There's a useful spectrum that the word "agent" papers over:

  • Single-step tool call. The model picks one tool, calls it, returns the result. Not really an agent. This is just function calling.
  • Multi-step linear chain. The model calls a tool, sees the result, calls another, returns. Still not agentic — the model isn't planning, it's reacting.
  • Bounded loop with fixed shape. The model calls tools in a loop until either the answer is ready or the cap is hit. This is what most useful production agents are. The loop has a known maximum size and known exit conditions.
  • Open-ended planning agent. The model decides what tools to call, in what order, with no fixed shape, until it decides it's done. These are the demos. They're also the ones that burn forty dollars of credits and produce nothing.

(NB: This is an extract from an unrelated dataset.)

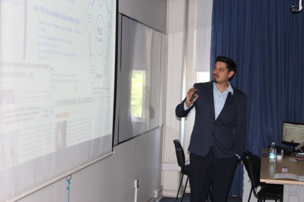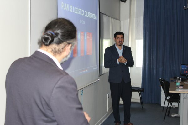 Ante estudiantes de Ingeniería Civil Industrial de distintos años y asignaturas, Pablo Pedraza, estudiante del Magíster en Ingeniería Industrial y miembro del Programa de Desarrollo Logístico del Ministerio de Transportes y Telecomunicaciones, expuso sobre el "Plan de Logística Colaborativa: Una herramienta de facilitación del corto plazo".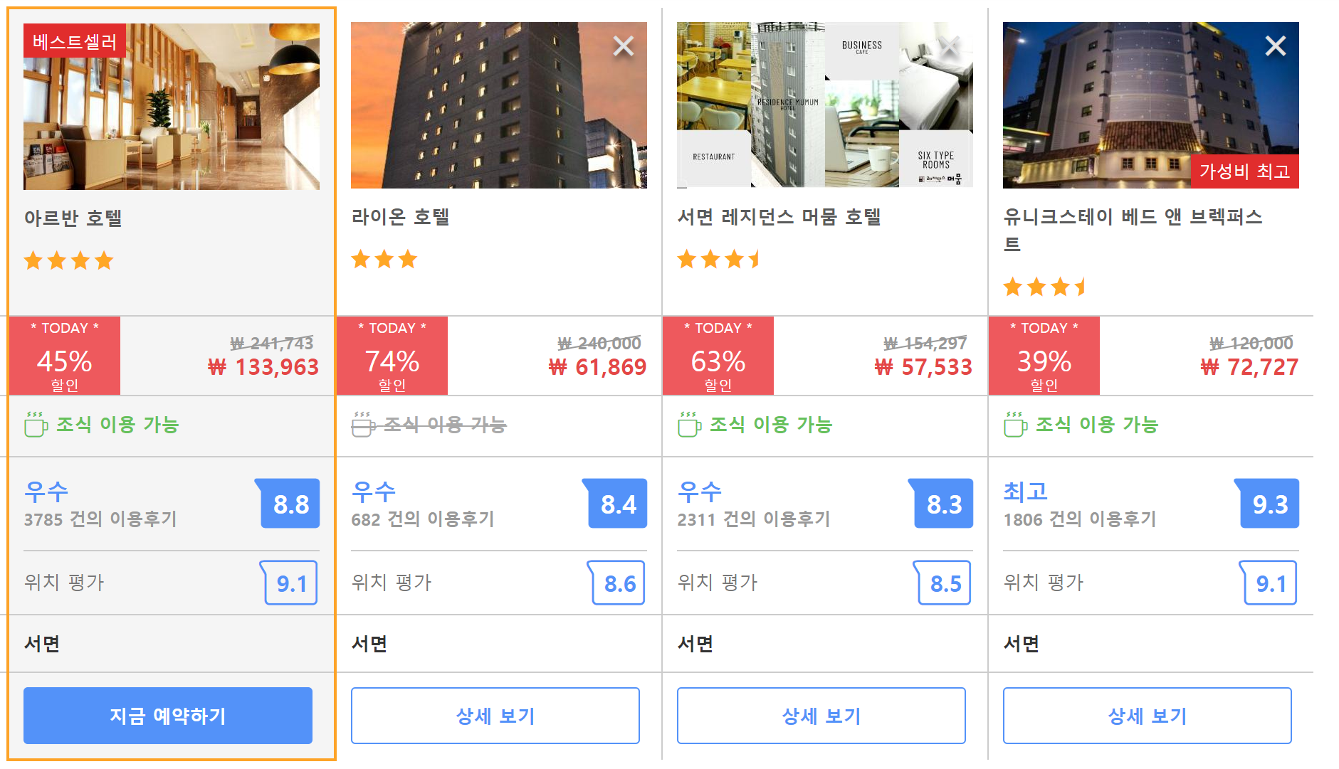 다음날 김해공항으로 가기위해 잠시 묵었던곳입니다. 1.위치 : 서면시장과 매우 근접합니다. 호텔 바로 앞에 편의점및 편의시설 많이 있어요, 근처에 롯데백화점있어요. 2.룸 컨디션: 룸컨디션 좋았어요. 불편함 없이 잘 지냈습니다. 3.조식:조식은...음... 어... 무난한 느낌이었어요. 4.직원태도: 리셉션및 조식당직원 친절합니다. 5.가격대비 만족합니다.

Most products that say "agent" are at level three. The level-four claim is usually marketing.

A pattern that works#

The agents I've seen survive contact with production share a shape. They are scoped, bounded, and observable.

Scoped means the agent does one thing. "Answer questions about a single document." "Triage incoming bug reports." Not "be helpful." General-purpose agents are research projects; specific agents are products.

Bounded means there is a known maximum loop count, a known token budget, and a clear failure path when those caps are hit. The user gets a "this took too long, here's what I found" instead of a hung process.

Observable means you can read the transcript. Every tool call, every model response, every reasoning step is logged. When the agent does something stupid, you can find out why. When it does something smart, you can replicate it.

If a framework hides any of these three, replace the framework. The framework's job is to remove boilerplate, not to remove visibility.

A pattern that fails#

The pattern I see fail most often is the agent-of-everything. One agent with twenty tools, an open loop, and a system prompt that says "be helpful." The demo works because the demo task happens to suit one of the twenty tools. Production fails because real users ask things that don't suit any of the twenty tools, and the agent thrashes.

The fix is not "give it more tools." The fix is "give it fewer tools and a clearer scope."

The interesting question#

The interesting question isn't should I build an agent. It's is the work I'm trying to do the kind of work where the loop earns its overhead. Sometimes the answer is no — a single LLM call with retrieval is fine. Sometimes the answer is yes — you genuinely need iterative tool use. When the answer is yes, the engineering is in the loop, not in the model.

Agents aren't a magic ingredient. They're an interface. The interface gives you iterative tool use; the engineering decides whether iterative tool use is what you needed.

I keep coming back to the same line: a naive agent is a for-loop with delusions of grandeur. A good one is a for-loop someone thought hard about.